### WHAT YOU NEED TO DO
What's needed is a word-for-word retyping of the entries below, pictures omitted.

ENTRIES PROVIDED START

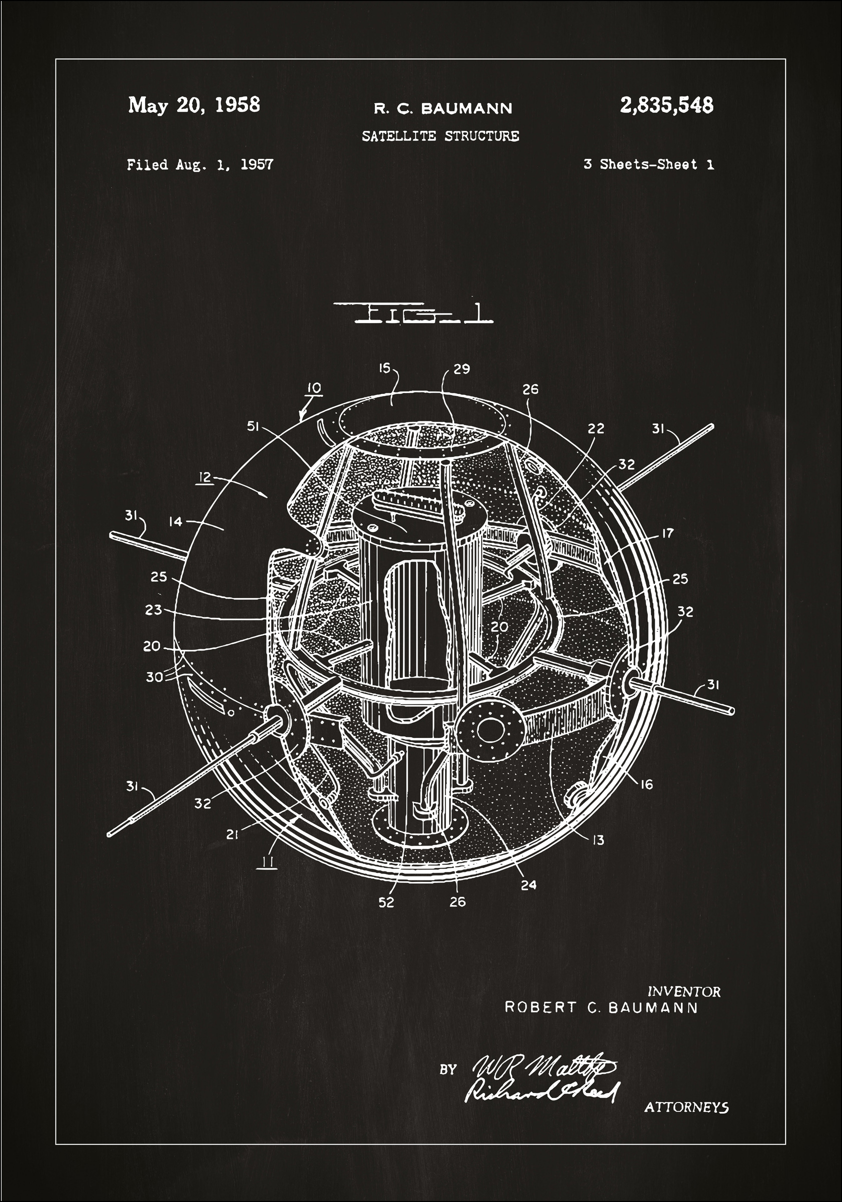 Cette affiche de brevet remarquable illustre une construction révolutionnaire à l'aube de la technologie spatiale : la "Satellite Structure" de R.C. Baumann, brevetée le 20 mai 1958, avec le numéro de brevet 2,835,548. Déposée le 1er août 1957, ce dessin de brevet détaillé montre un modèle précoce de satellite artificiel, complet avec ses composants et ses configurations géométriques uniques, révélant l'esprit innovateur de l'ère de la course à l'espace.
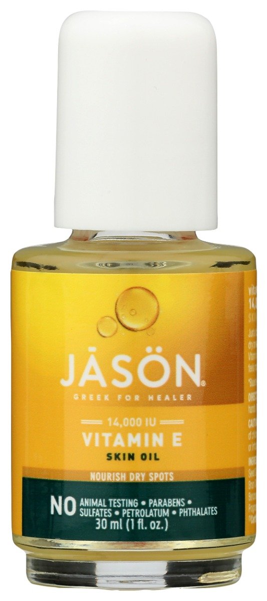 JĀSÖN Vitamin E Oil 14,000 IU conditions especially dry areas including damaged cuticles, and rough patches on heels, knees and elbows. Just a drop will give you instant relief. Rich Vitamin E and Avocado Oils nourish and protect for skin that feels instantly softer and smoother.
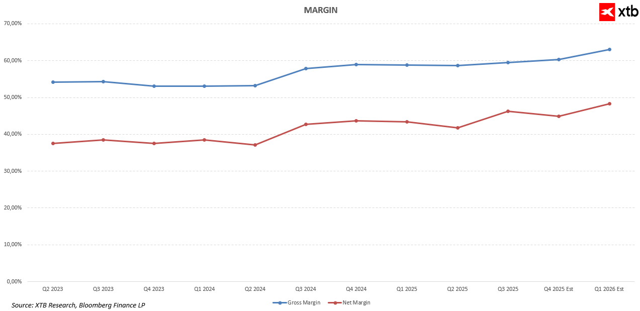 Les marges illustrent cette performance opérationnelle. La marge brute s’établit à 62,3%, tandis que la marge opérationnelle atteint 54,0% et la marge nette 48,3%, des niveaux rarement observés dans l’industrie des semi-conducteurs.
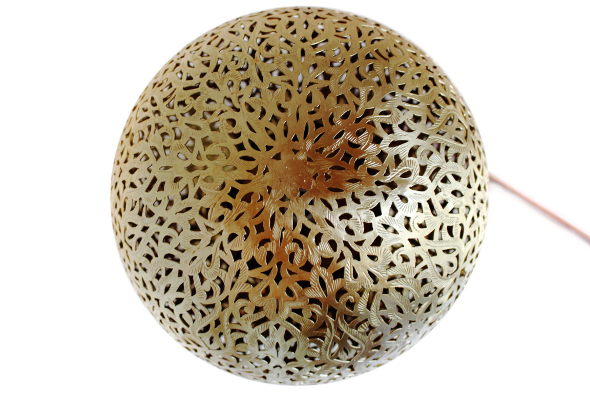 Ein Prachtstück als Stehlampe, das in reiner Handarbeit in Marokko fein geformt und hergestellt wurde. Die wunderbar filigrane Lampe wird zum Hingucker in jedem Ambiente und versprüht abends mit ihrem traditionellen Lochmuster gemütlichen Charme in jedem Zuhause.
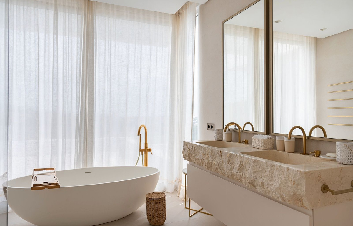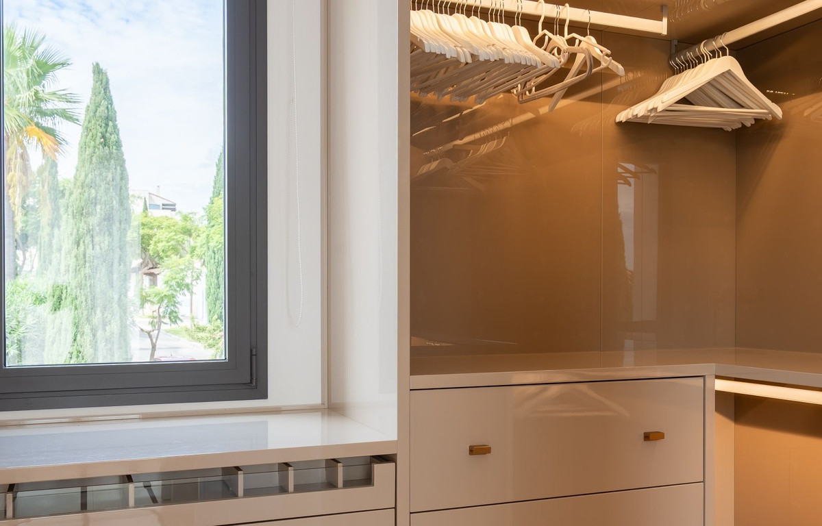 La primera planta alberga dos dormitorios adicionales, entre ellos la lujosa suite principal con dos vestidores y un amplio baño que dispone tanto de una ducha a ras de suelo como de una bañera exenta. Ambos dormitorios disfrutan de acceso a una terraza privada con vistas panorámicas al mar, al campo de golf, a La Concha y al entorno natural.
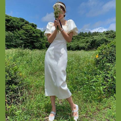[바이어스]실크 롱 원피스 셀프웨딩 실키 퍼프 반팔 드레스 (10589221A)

ENTRIES PROVIDED END

### REPLY
 Cette affiche de brevet remarquable illustre une construction révolutionnaire à l'aube de la technologie spatiale : la "Satellite Structure" de R.C. Baumann, brevetée le 20 mai 1958, avec le numéro de brevet 2,835,548. Déposée le 1er août 1957, ce dessin de brevet détaillé montre un modèle précoce de satellite artificiel, complet avec ses composants et ses configurations géométriques uniques, révélant l'esprit innovateur de l'ère de la course à l'espace.
 JĀSÖN Vitamin E Oil 14,000 IU conditions especially dry areas including damaged cuticles, and rough patches on heels, knees and elbows. Just a drop will give you instant relief. Rich Vitamin E and Avocado Oils nourish and protect for skin that feels instantly softer and smoother.
 Les marges illustrent cette performance opérationnelle. La marge brute s’établit à 62,3%, tandis que la marge opérationnelle atteint 54,0% et la marge nette 48,3%, des niveaux rarement observés dans l’industrie des semi-conducteurs.
 Ein Prachtstück als Stehlampe, das in reiner Handarbeit in Marokko fein geformt und hergestellt wurde. Die wunderbar filigrane Lampe wird zum Hingucker in jedem Ambiente und versprüht abends mit ihrem traditionellen Lochmuster gemütlichen Charme in jedem Zuhause.
 La primera planta alberga dos dormitorios adicionales, entre ellos la lujosa suite principal con dos vestidores y un amplio baño que dispone tanto de una ducha a ras de suelo como de una bañera exenta. Ambos dormitorios disfrutan de acceso a una terraza privada con vistas panorámicas al mar, al campo de golf, a La Concha y al entorno natural.
[바이어스]실크 롱 원피스 셀프웨딩 실키 퍼프 반팔 드레스 (10589221A)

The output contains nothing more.